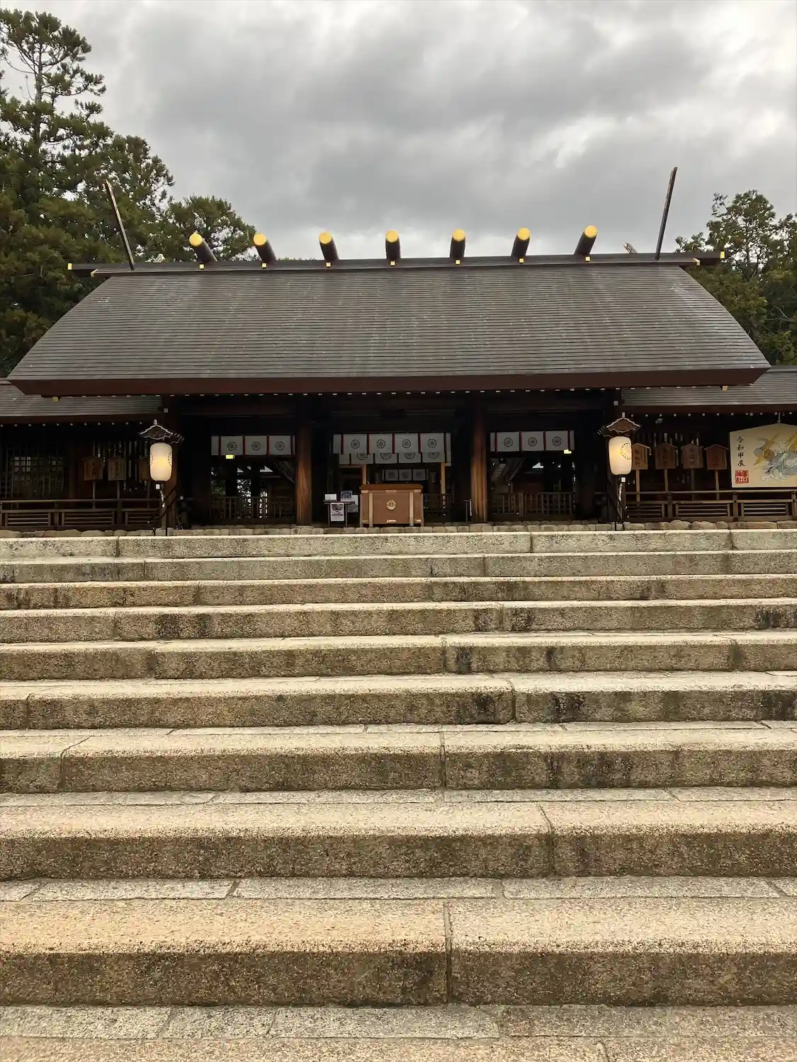 鳥居から社殿達も美しく、隅々まで綺麗でした。薄く暗くなるとライトが灯り幻想的です。
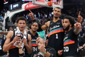 霍里表示:“他們有一個(gè)外星人文班亞馬,別的隊(duì)友都在他的陰影之下,但馬刺大概有8個(gè)人場均得分上雙,那說明了他們?cè)诖驁F(tuán)隊(duì)籃球。你看聯(lián)盟那些強(qiáng)隊(duì),雷霆很出色因?yàn)樗麄兇驁F(tuán)隊(duì)籃球,波士頓也是,其他球隊(duì)就很少打團(tuán)隊(duì)籃球。
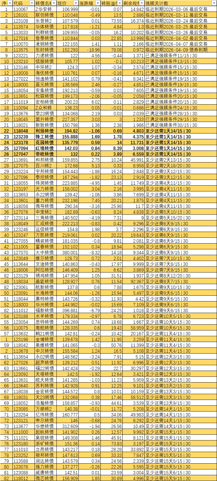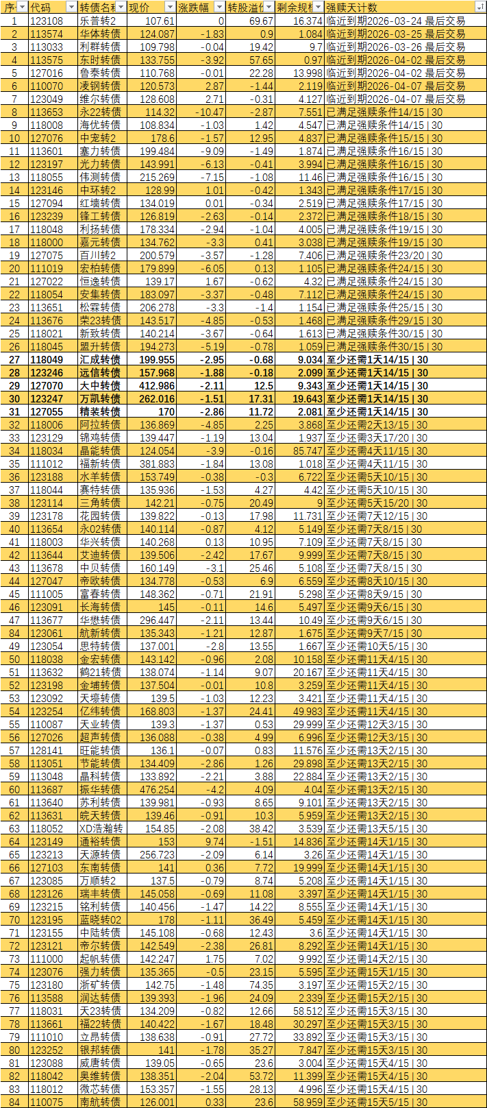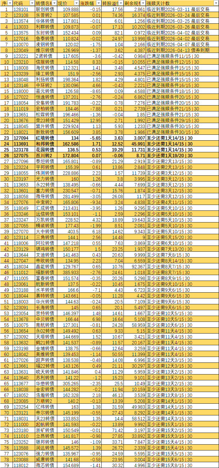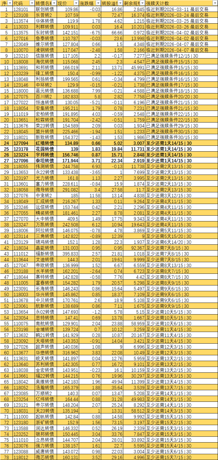 已经宣布强赎的不从表里划掉吗 比如旗滨

## WHAT IS BEING ASKED
Give back the whole listing exactly as written. Do not include any picture.

## RESPONSE
 鳥居から社殿達も美しく、隅々まで綺麗でした。薄く暗くなるとライトが灯り幻想的です。
 霍里表示:“他們有一個(gè)外星人文班亞馬,別的隊(duì)友都在他的陰影之下,但馬刺大概有8個(gè)人場均得分上雙,那說明了他們?cè)诖驁F(tuán)隊(duì)籃球。你看聯(lián)盟那些強(qiáng)隊(duì),雷霆很出色因?yàn)樗麄兇驁F(tuán)隊(duì)籃球,波士頓也是,其他球隊(duì)就很少打團(tuán)隊(duì)籃球。
 已经宣布强赎的不从表里划掉吗 比如旗滨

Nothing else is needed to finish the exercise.